Copy the listing that follows exactly. Its pictures do not belong in the copy.

Stored data -
________________

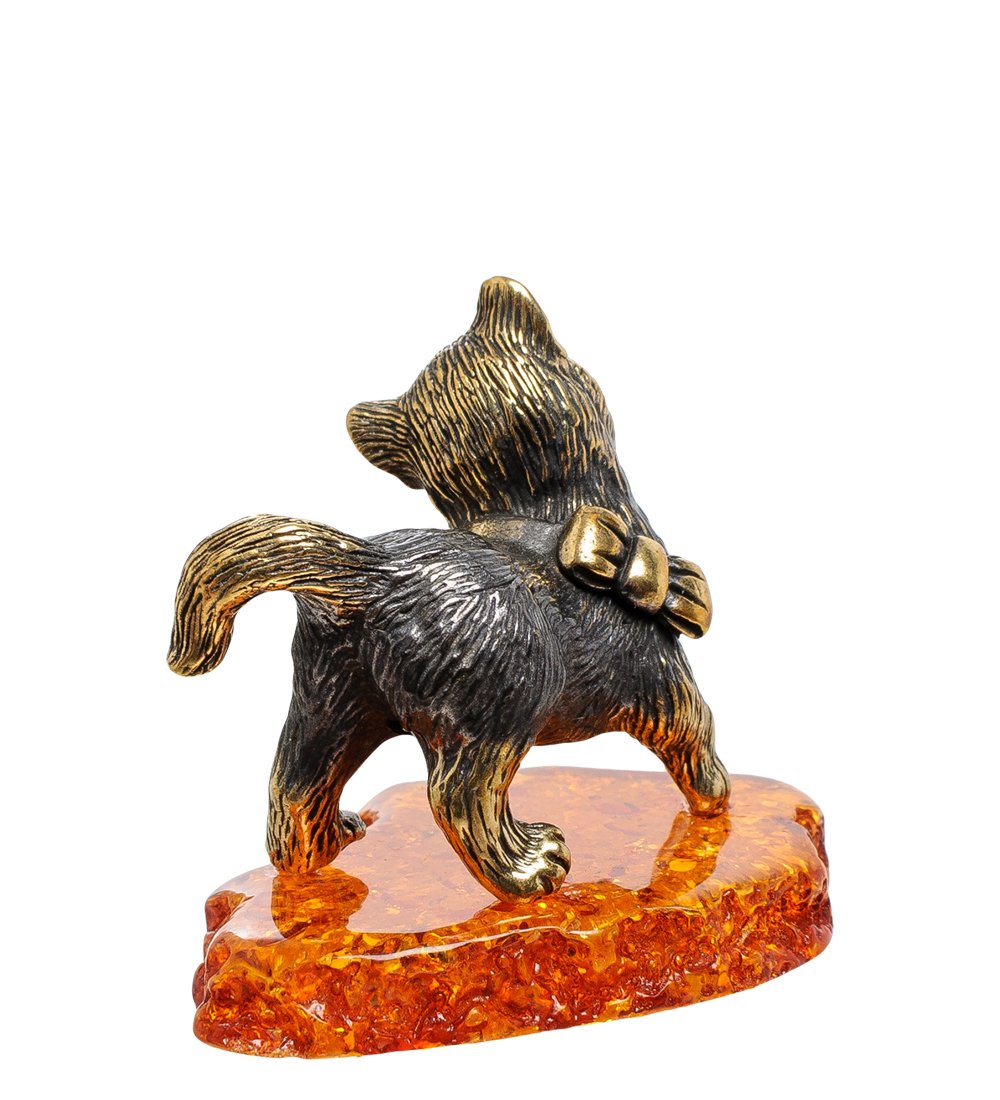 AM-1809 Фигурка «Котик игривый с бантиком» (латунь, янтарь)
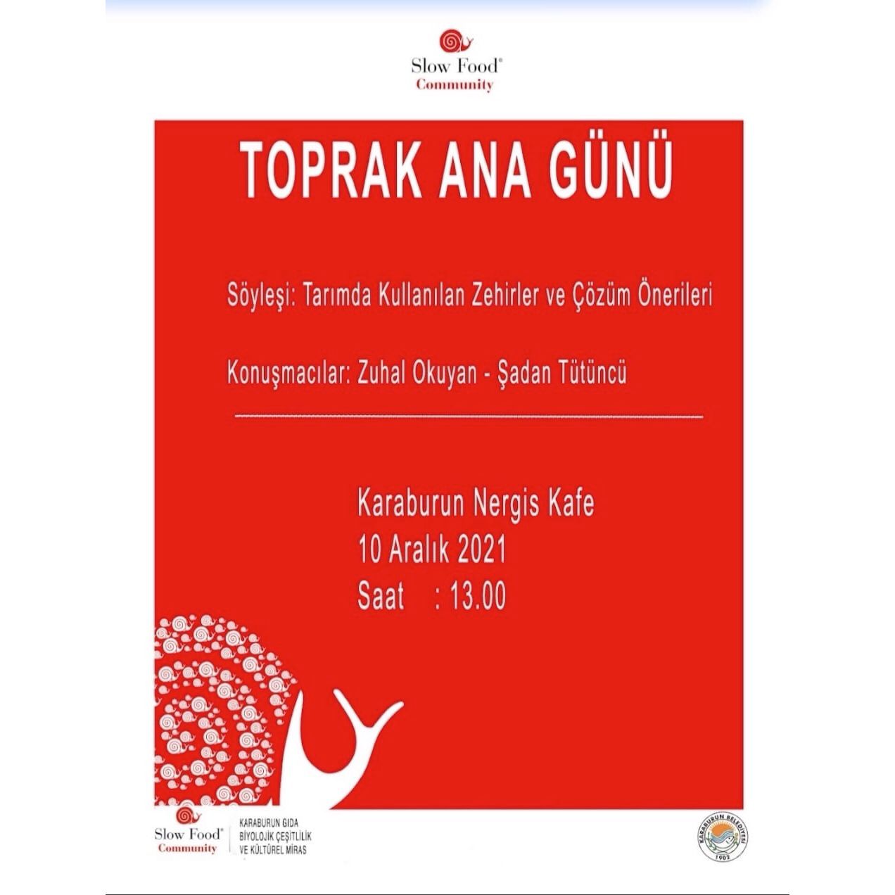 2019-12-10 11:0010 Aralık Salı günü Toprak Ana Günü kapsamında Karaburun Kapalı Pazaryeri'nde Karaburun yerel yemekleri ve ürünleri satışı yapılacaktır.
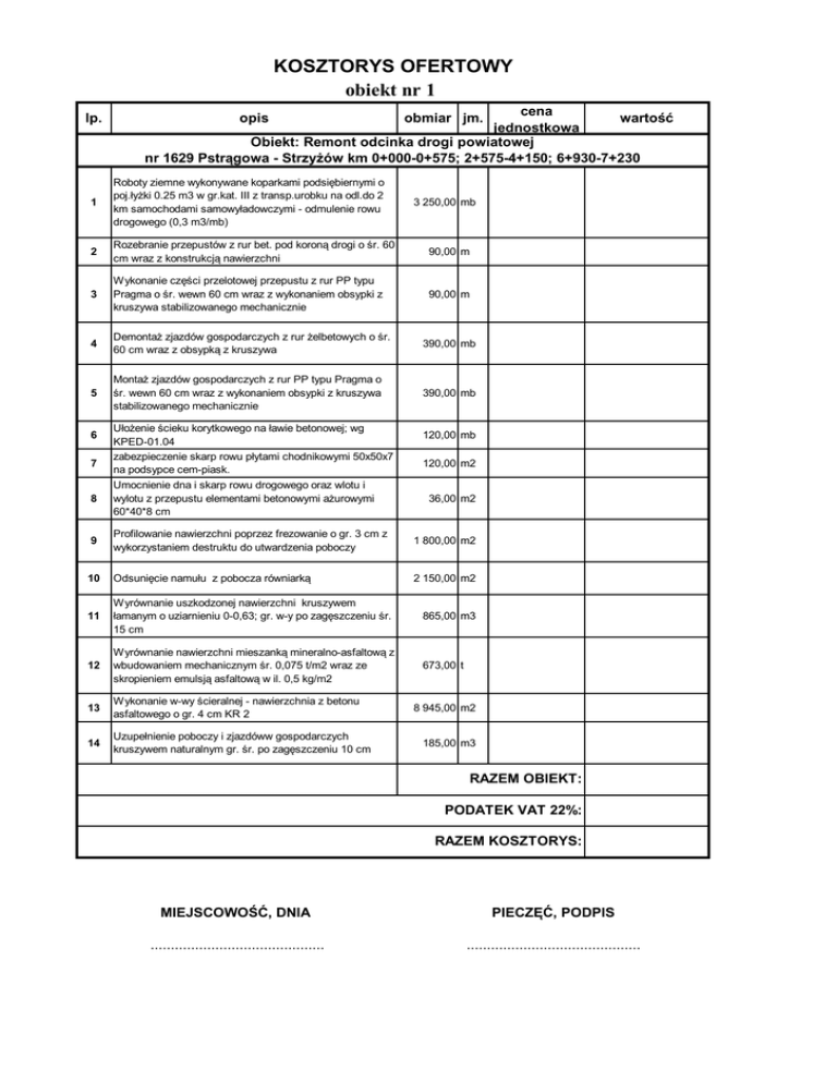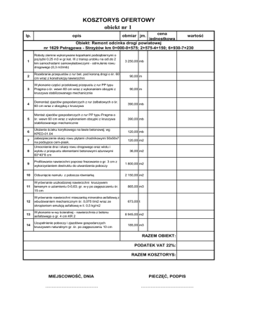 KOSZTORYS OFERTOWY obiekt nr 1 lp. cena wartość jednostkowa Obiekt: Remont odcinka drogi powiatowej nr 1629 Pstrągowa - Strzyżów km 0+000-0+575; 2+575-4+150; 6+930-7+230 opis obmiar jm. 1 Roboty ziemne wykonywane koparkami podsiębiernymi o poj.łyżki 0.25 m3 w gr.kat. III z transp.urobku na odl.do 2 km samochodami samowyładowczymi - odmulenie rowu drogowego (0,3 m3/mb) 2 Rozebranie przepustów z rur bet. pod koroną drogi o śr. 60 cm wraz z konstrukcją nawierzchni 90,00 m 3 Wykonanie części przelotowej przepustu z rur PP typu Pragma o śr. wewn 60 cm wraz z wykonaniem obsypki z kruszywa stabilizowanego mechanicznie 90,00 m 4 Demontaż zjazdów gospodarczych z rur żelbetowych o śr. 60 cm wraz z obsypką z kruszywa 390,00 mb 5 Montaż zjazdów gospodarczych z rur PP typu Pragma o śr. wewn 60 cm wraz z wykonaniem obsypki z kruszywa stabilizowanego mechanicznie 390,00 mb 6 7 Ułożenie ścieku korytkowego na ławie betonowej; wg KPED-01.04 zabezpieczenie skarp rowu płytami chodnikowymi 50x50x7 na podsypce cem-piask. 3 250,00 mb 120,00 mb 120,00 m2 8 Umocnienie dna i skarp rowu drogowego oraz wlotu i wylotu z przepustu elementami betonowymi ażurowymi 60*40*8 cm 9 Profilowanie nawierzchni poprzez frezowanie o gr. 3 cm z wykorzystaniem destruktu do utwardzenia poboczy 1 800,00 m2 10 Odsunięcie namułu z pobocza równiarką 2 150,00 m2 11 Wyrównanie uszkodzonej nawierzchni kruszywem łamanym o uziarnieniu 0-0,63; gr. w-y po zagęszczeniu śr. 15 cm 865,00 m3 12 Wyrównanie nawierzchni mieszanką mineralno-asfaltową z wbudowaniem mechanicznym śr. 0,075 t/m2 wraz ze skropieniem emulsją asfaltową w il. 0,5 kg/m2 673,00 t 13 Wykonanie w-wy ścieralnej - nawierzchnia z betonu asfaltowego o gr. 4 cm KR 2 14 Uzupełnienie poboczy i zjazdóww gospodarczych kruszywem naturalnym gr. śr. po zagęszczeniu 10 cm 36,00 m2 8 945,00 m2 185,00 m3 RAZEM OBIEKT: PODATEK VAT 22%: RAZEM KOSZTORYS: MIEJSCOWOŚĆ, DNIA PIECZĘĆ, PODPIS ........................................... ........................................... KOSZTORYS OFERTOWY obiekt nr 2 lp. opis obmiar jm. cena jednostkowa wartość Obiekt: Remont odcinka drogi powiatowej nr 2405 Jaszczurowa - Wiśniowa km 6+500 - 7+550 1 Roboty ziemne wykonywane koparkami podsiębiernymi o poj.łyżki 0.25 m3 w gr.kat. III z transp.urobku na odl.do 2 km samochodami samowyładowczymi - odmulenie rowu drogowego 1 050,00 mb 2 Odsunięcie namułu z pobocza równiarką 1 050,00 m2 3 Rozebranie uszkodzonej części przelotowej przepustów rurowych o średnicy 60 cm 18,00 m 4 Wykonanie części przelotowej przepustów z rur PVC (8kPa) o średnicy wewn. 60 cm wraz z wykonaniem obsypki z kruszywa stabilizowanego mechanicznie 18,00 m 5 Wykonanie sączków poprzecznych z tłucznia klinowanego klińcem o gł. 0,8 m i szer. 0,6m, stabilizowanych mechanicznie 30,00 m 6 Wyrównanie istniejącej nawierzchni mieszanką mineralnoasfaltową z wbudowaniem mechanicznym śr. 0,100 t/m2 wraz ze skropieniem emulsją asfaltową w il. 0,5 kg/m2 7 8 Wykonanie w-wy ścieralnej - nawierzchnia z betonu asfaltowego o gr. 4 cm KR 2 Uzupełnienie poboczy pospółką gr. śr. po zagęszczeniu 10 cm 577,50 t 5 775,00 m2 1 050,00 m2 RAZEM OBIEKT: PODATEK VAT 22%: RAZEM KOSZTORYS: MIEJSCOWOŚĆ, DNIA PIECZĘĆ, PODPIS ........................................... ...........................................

________________

Problem solution -
 AM-1809 Фигурка «Котик игривый с бантиком» (латунь, янтарь)
 2019-12-10 11:0010 Aralık Salı günü Toprak Ana Günü kapsamında Karaburun Kapalı Pazaryeri'nde Karaburun yerel yemekleri ve ürünleri satışı yapılacaktır.
 KOSZTORYS OFERTOWY obiekt nr 1 lp. cena wartość jednostkowa Obiekt: Remont odcinka drogi powiatowej nr 1629 Pstrągowa - Strzyżów km 0+000-0+575; 2+575-4+150; 6+930-7+230 opis obmiar jm. 1 Roboty ziemne wykonywane koparkami podsiębiernymi o poj.łyżki 0.25 m3 w gr.kat. III z transp.urobku na odl.do 2 km samochodami samowyładowczymi - odmulenie rowu drogowego (0,3 m3/mb) 2 Rozebranie przepustów z rur bet. pod koroną drogi o śr. 60 cm wraz z konstrukcją nawierzchni 90,00 m 3 Wykonanie części przelotowej przepustu z rur PP typu Pragma o śr. wewn 60 cm wraz z wykonaniem obsypki z kruszywa stabilizowanego mechanicznie 90,00 m 4 Demontaż zjazdów gospodarczych z rur żelbetowych o śr. 60 cm wraz z obsypką z kruszywa 390,00 mb 5 Montaż zjazdów gospodarczych z rur PP typu Pragma o śr. wewn 60 cm wraz z wykonaniem obsypki z kruszywa stabilizowanego mechanicznie 390,00 mb 6 7 Ułożenie ścieku korytkowego na ławie betonowej; wg KPED-01.04 zabezpieczenie skarp rowu płytami chodnikowymi 50x50x7 na podsypce cem-piask. 3 250,00 mb 120,00 mb 120,00 m2 8 Umocnienie dna i skarp rowu drogowego oraz wlotu i wylotu z przepustu elementami betonowymi ażurowymi 60*40*8 cm 9 Profilowanie nawierzchni poprzez frezowanie o gr. 3 cm z wykorzystaniem destruktu do utwardzenia poboczy 1 800,00 m2 10 Odsunięcie namułu z pobocza równiarką 2 150,00 m2 11 Wyrównanie uszkodzonej nawierzchni kruszywem łamanym o uziarnieniu 0-0,63; gr. w-y po zagęszczeniu śr. 15 cm 865,00 m3 12 Wyrównanie nawierzchni mieszanką mineralno-asfaltową z wbudowaniem mechanicznym śr. 0,075 t/m2 wraz ze skropieniem emulsją asfaltową w il. 0,5 kg/m2 673,00 t 13 Wykonanie w-wy ścieralnej - nawierzchnia z betonu asfaltowego o gr. 4 cm KR 2 14 Uzupełnienie poboczy i zjazdóww gospodarczych kruszywem naturalnym gr. śr. po zagęszczeniu 10 cm 36,00 m2 8 945,00 m2 185,00 m3 RAZEM OBIEKT: PODATEK VAT 22%: RAZEM KOSZTORYS: MIEJSCOWOŚĆ, DNIA PIECZĘĆ, PODPIS ........................................... ........................................... KOSZTORYS OFERTOWY obiekt nr 2 lp. opis obmiar jm. cena jednostkowa wartość Obiekt: Remont odcinka drogi powiatowej nr 2405 Jaszczurowa - Wiśniowa km 6+500 - 7+550 1 Roboty ziemne wykonywane koparkami podsiębiernymi o poj.łyżki 0.25 m3 w gr.kat. III z transp.urobku na odl.do 2 km samochodami samowyładowczymi - odmulenie rowu drogowego 1 050,00 mb 2 Odsunięcie namułu z pobocza równiarką 1 050,00 m2 3 Rozebranie uszkodzonej części przelotowej przepustów rurowych o średnicy 60 cm 18,00 m 4 Wykonanie części przelotowej przepustów z rur PVC (8kPa) o średnicy wewn. 60 cm wraz z wykonaniem obsypki z kruszywa stabilizowanego mechanicznie 18,00 m 5 Wykonanie sączków poprzecznych z tłucznia klinowanego klińcem o gł. 0,8 m i szer. 0,6m, stabilizowanych mechanicznie 30,00 m 6 Wyrównanie istniejącej nawierzchni mieszanką mineralnoasfaltową z wbudowaniem mechanicznym śr. 0,100 t/m2 wraz ze skropieniem emulsją asfaltową w il. 0,5 kg/m2 7 8 Wykonanie w-wy ścieralnej - nawierzchnia z betonu asfaltowego o gr. 4 cm KR 2 Uzupełnienie poboczy pospółką gr. śr. po zagęszczeniu 10 cm 577,50 t 5 775,00 m2 1 050,00 m2 RAZEM OBIEKT: PODATEK VAT 22%: RAZEM KOSZTORYS: MIEJSCOWOŚĆ, DNIA PIECZĘĆ, PODPIS ........................................... ...........................................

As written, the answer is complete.